(Work item)
Print, exactly as they stand, the lines below from the one that has "AFP特派員によると、葬儀が" to the one that has "โดยเป็นตลับเจลทรงกลมที่มีขนาดเส้นผ่านศูนย์กลาง 6.3 ซม.", inclusive, leaving out the pictures.

(Listed records)
=======

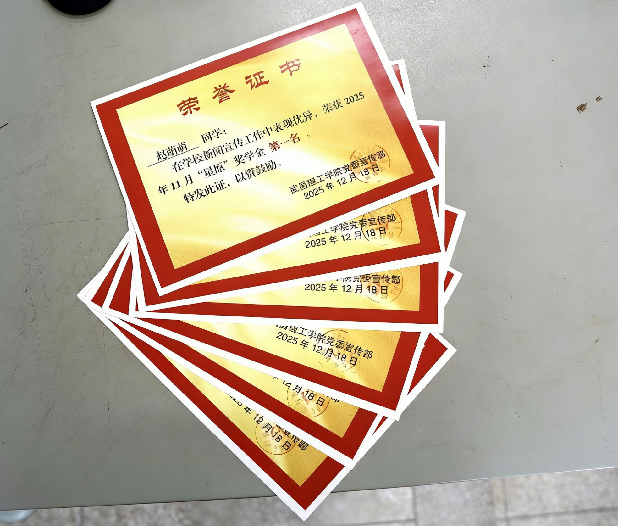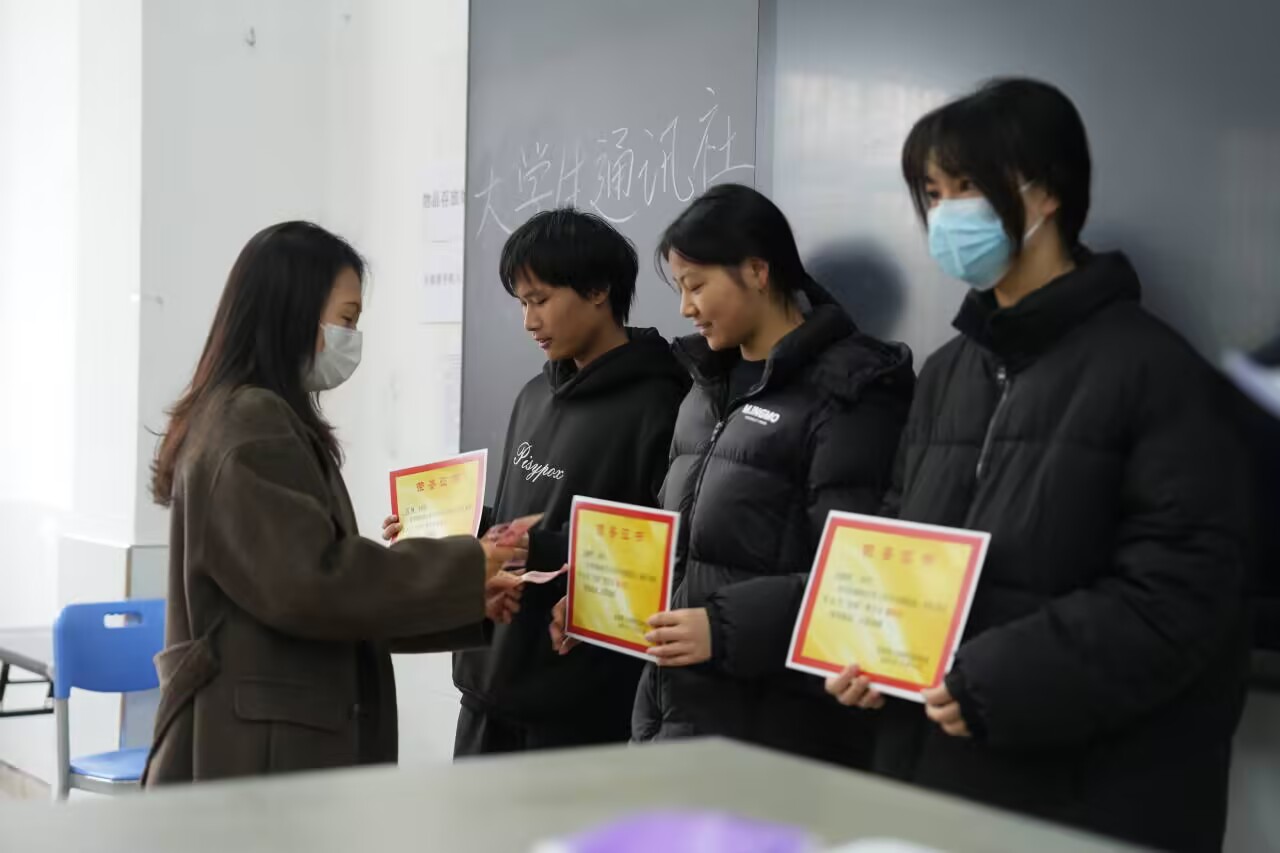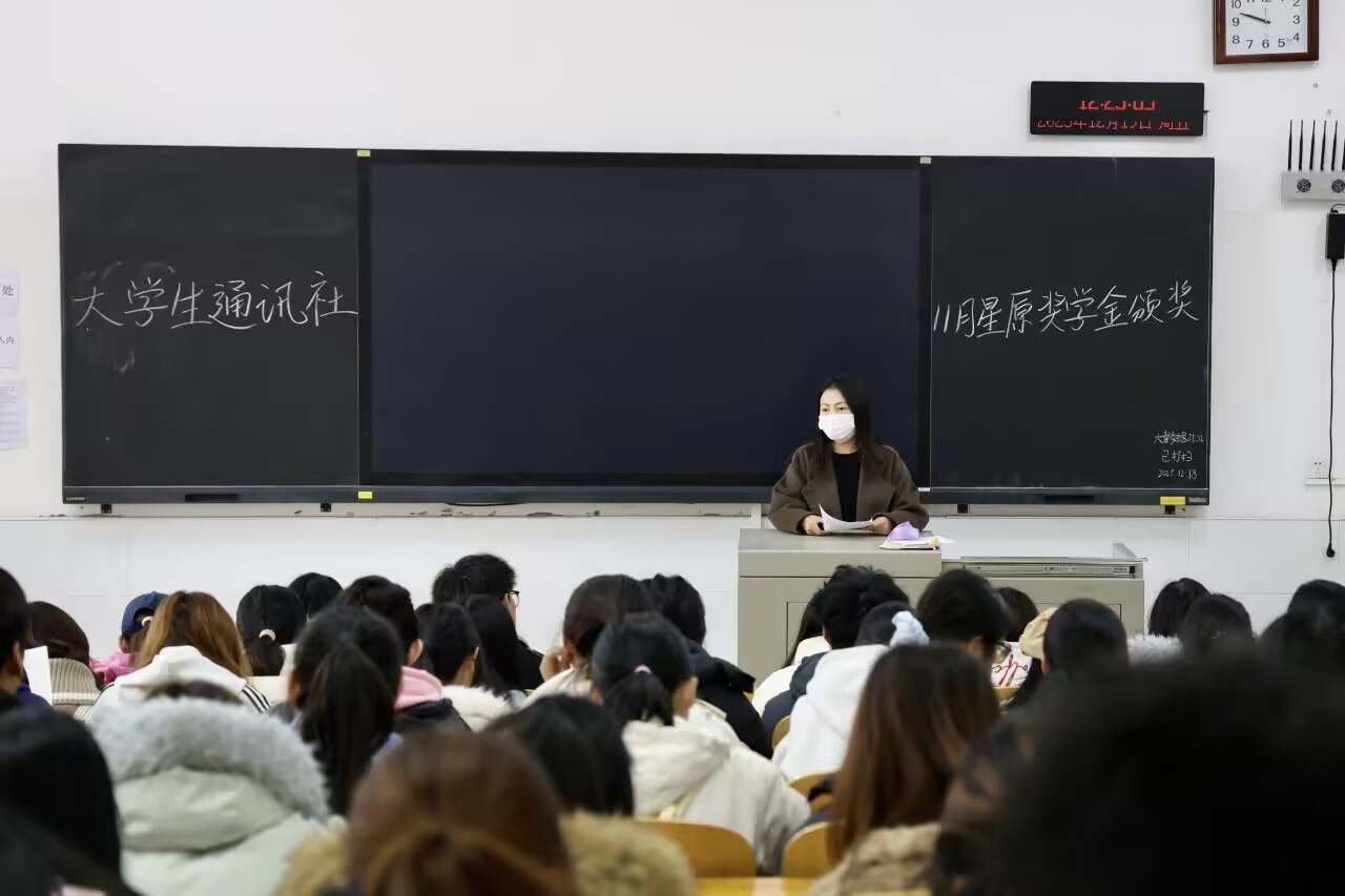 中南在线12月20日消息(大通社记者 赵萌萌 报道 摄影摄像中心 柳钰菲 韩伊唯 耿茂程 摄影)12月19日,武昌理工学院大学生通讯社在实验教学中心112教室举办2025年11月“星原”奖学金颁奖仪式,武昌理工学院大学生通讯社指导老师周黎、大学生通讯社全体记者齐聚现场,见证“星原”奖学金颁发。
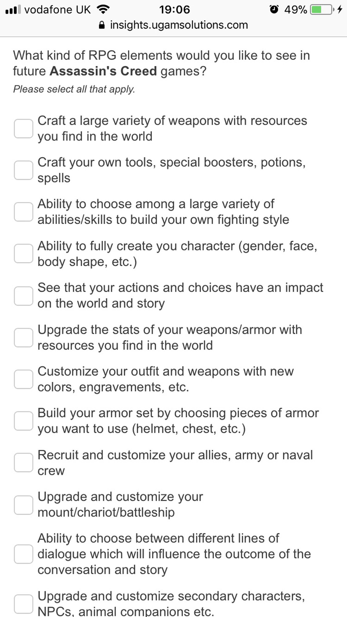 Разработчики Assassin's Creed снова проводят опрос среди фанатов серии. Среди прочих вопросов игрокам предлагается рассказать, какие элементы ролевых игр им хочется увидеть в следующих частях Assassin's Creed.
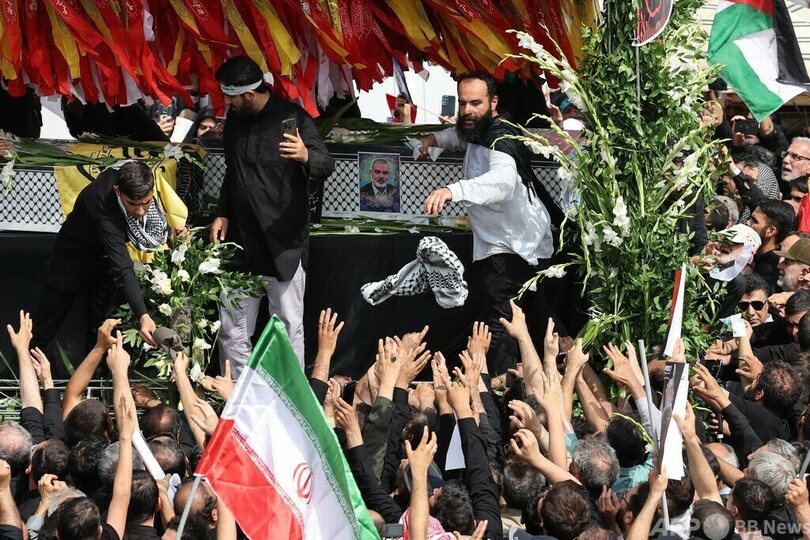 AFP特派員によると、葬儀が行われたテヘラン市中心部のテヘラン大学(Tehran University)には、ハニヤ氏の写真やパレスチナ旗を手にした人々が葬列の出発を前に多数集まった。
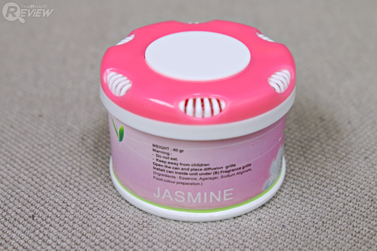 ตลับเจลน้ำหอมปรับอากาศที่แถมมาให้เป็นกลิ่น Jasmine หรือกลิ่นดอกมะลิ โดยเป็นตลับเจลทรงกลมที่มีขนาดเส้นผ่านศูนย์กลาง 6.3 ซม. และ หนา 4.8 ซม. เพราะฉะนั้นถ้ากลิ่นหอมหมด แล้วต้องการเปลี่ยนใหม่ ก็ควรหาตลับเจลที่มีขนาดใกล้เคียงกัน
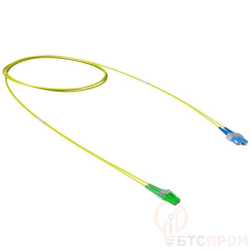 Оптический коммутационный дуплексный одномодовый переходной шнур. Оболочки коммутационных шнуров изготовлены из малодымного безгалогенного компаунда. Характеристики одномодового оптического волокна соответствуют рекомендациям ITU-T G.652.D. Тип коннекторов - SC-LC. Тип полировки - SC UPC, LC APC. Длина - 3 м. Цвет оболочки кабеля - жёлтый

=======

(Exercise output)
 AFP特派員によると、葬儀が行われたテヘラン市中心部のテヘラン大学(Tehran University)には、ハニヤ氏の写真やパレスチナ旗を手にした人々が葬列の出発を前に多数集まった。
 ตลับเจลน้ำหอมปรับอากาศที่แถมมาให้เป็นกลิ่น Jasmine หรือกลิ่นดอกมะลิ โดยเป็นตลับเจลทรงกลมที่มีขนาดเส้นผ่านศูนย์กลาง 6.3 ซม. และ หนา 4.8 ซม. เพราะฉะนั้นถ้ากลิ่นหอมหมด แล้วต้องการเปลี่ยนใหม่ ก็ควรหาตลับเจลที่มีขนาดใกล้เคียงกัน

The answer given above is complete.